PROVIDED MATERIAL
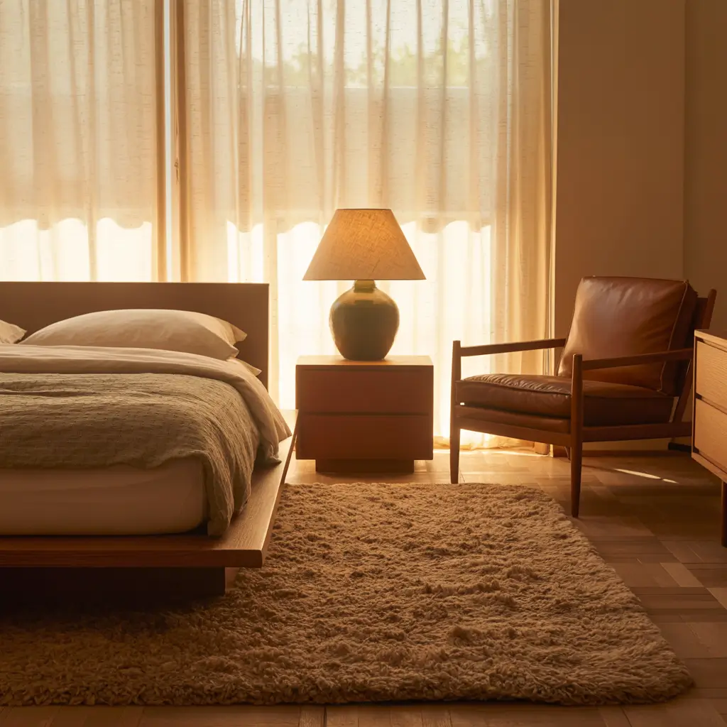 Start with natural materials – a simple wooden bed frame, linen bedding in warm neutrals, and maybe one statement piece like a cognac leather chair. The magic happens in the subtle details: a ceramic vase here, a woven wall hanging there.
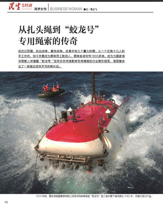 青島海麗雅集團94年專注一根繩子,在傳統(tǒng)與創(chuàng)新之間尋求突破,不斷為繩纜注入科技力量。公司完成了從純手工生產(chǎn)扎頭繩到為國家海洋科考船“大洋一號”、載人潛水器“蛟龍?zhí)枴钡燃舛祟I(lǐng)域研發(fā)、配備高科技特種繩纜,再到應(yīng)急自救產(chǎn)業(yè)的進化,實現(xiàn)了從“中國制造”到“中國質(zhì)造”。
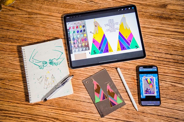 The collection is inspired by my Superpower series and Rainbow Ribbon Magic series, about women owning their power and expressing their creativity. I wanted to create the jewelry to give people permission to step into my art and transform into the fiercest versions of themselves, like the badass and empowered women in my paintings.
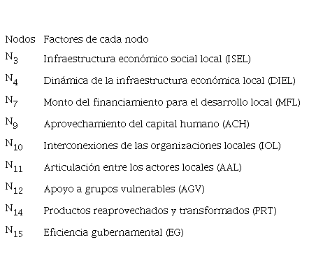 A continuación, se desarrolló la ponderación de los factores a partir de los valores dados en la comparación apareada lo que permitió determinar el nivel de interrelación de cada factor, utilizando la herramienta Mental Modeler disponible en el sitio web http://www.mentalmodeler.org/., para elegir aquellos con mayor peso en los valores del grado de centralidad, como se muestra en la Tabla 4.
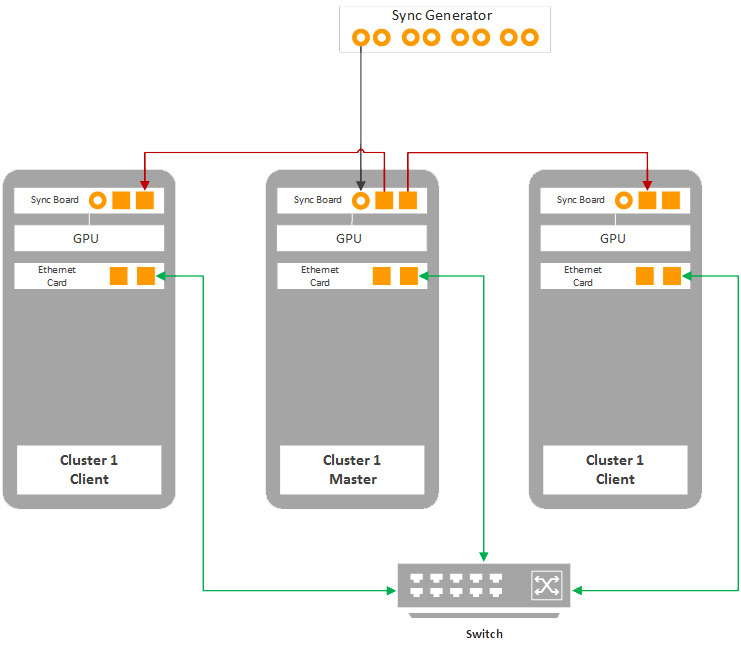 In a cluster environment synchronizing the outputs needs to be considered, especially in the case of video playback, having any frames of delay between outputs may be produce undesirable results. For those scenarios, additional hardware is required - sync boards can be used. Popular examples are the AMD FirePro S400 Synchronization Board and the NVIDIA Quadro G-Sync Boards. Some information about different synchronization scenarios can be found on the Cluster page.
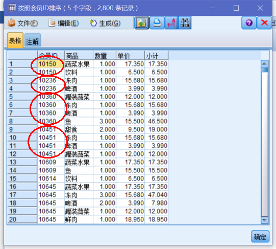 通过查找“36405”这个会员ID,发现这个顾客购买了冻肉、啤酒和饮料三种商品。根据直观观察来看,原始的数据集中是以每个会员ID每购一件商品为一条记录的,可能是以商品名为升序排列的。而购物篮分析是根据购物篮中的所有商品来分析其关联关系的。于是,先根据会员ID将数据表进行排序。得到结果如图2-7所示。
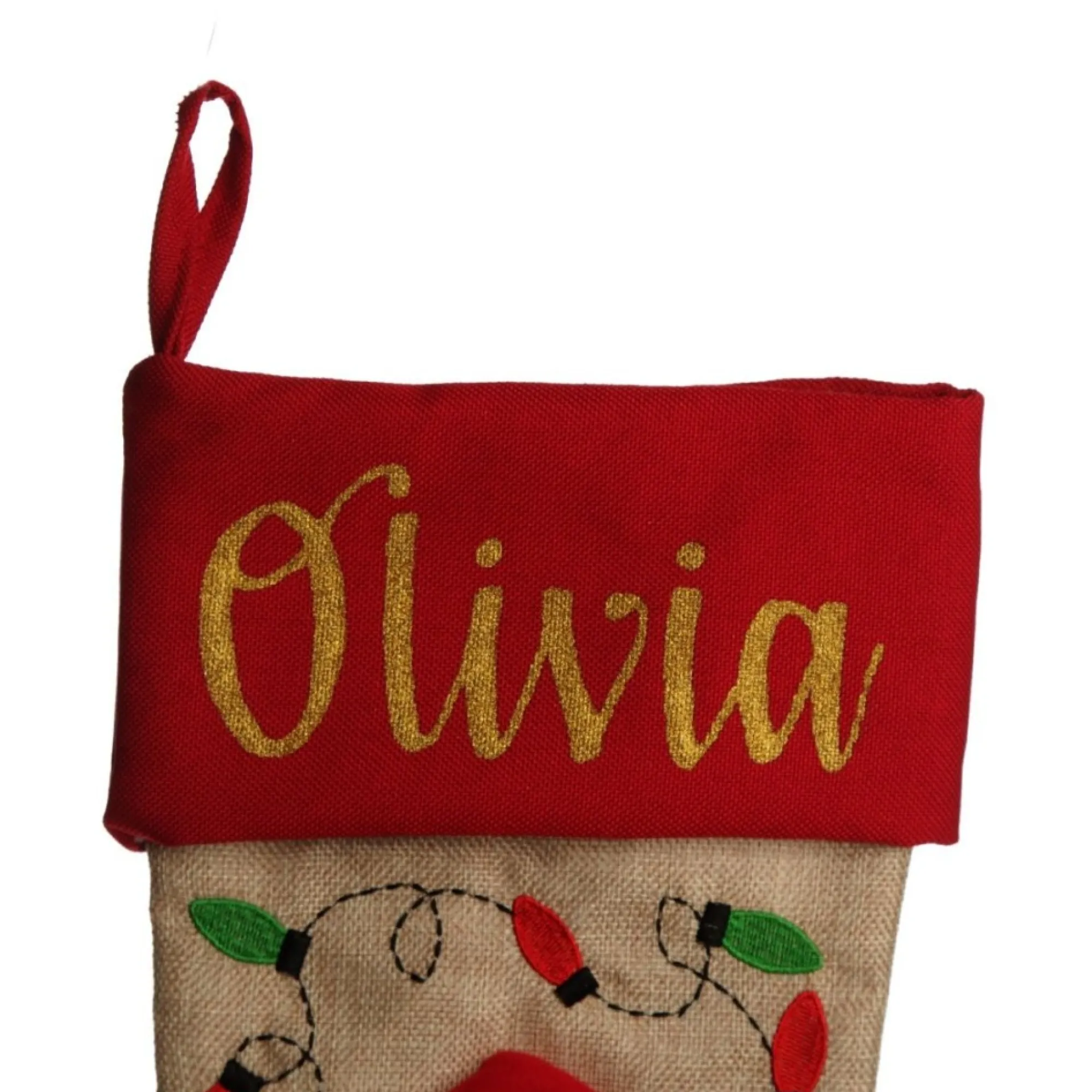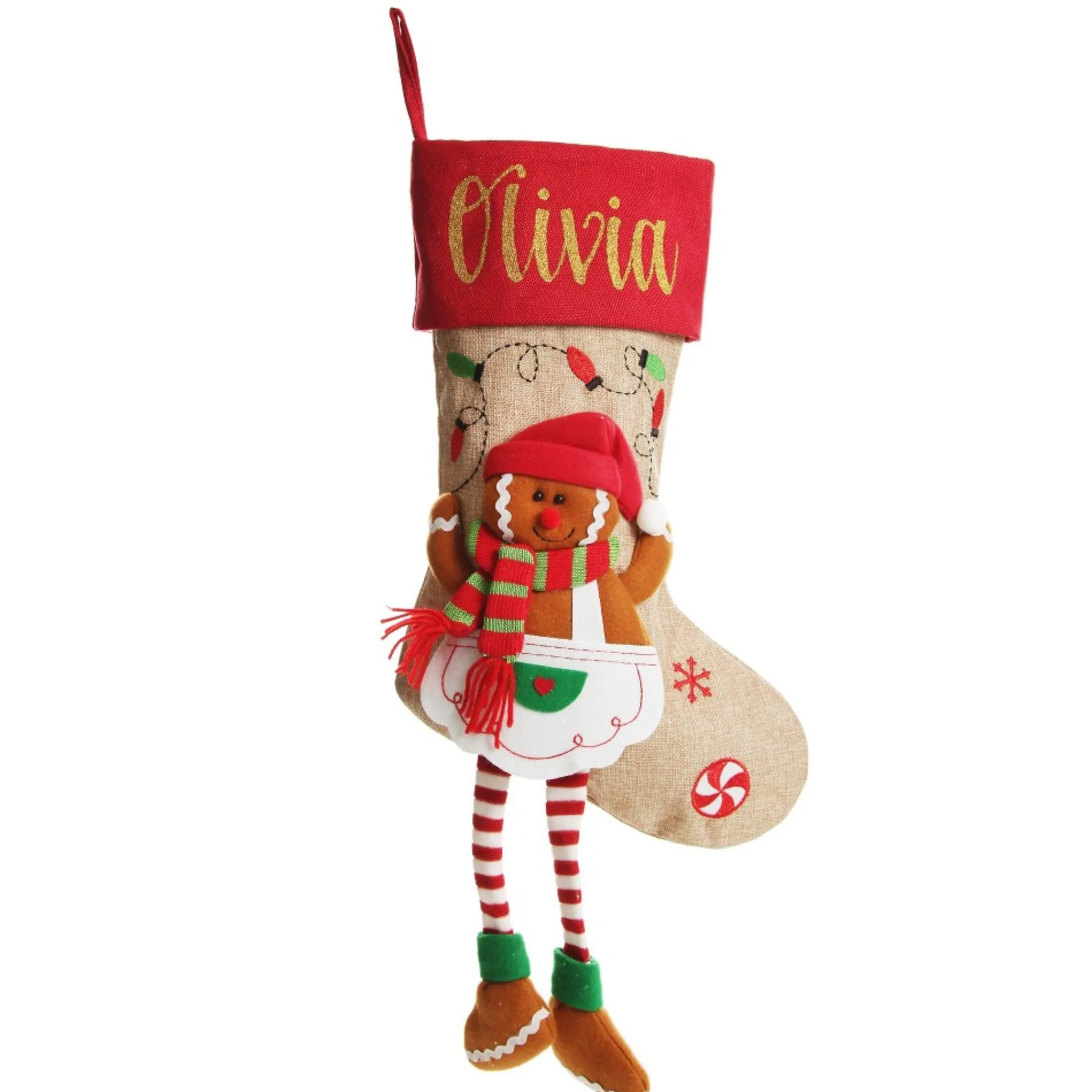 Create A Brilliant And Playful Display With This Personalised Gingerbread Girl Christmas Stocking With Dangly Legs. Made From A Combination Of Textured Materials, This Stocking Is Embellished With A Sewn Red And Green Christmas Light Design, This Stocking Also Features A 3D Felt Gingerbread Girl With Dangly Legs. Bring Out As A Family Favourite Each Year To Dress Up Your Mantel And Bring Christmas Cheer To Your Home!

TASK
Would you return the data exactly as written, without the pictures?

EXERCISE RESPONSE
 Start with natural materials – a simple wooden bed frame, linen bedding in warm neutrals, and maybe one statement piece like a cognac leather chair. The magic happens in the subtle details: a ceramic vase here, a woven wall hanging there.
 青島海麗雅集團94年專注一根繩子,在傳統(tǒng)與創(chuàng)新之間尋求突破,不斷為繩纜注入科技力量。公司完成了從純手工生產(chǎn)扎頭繩到為國家海洋科考船“大洋一號”、載人潛水器“蛟龍?zhí)枴钡燃舛祟I(lǐng)域研發(fā)、配備高科技特種繩纜,再到應(yīng)急自救產(chǎn)業(yè)的進化,實現(xiàn)了從“中國制造”到“中國質(zhì)造”。
 The collection is inspired by my Superpower series and Rainbow Ribbon Magic series, about women owning their power and expressing their creativity. I wanted to create the jewelry to give people permission to step into my art and transform into the fiercest versions of themselves, like the badass and empowered women in my paintings.
 A continuación, se desarrolló la ponderación de los factores a partir de los valores dados en la comparación apareada lo que permitió determinar el nivel de interrelación de cada factor, utilizando la herramienta Mental Modeler disponible en el sitio web http://www.mentalmodeler.org/., para elegir aquellos con mayor peso en los valores del grado de centralidad, como se muestra en la Tabla 4.
 In a cluster environment synchronizing the outputs needs to be considered, especially in the case of video playback, having any frames of delay between outputs may be produce undesirable results. For those scenarios, additional hardware is required - sync boards can be used. Popular examples are the AMD FirePro S400 Synchronization Board and the NVIDIA Quadro G-Sync Boards. Some information about different synchronization scenarios can be found on the Cluster page.
 通过查找“36405”这个会员ID,发现这个顾客购买了冻肉、啤酒和饮料三种商品。根据直观观察来看,原始的数据集中是以每个会员ID每购一件商品为一条记录的,可能是以商品名为升序排列的。而购物篮分析是根据购物篮中的所有商品来分析其关联关系的。于是,先根据会员ID将数据表进行排序。得到结果如图2-7所示。
 Create A Brilliant And Playful Display With This Personalised Gingerbread Girl Christmas Stocking With Dangly Legs. Made From A Combination Of Textured Materials, This Stocking Is Embellished With A Sewn Red And Green Christmas Light Design, This Stocking Also Features A 3D Felt Gingerbread Girl With Dangly Legs. Bring Out As A Family Favourite Each Year To Dress Up Your Mantel And Bring Christmas Cheer To Your Home!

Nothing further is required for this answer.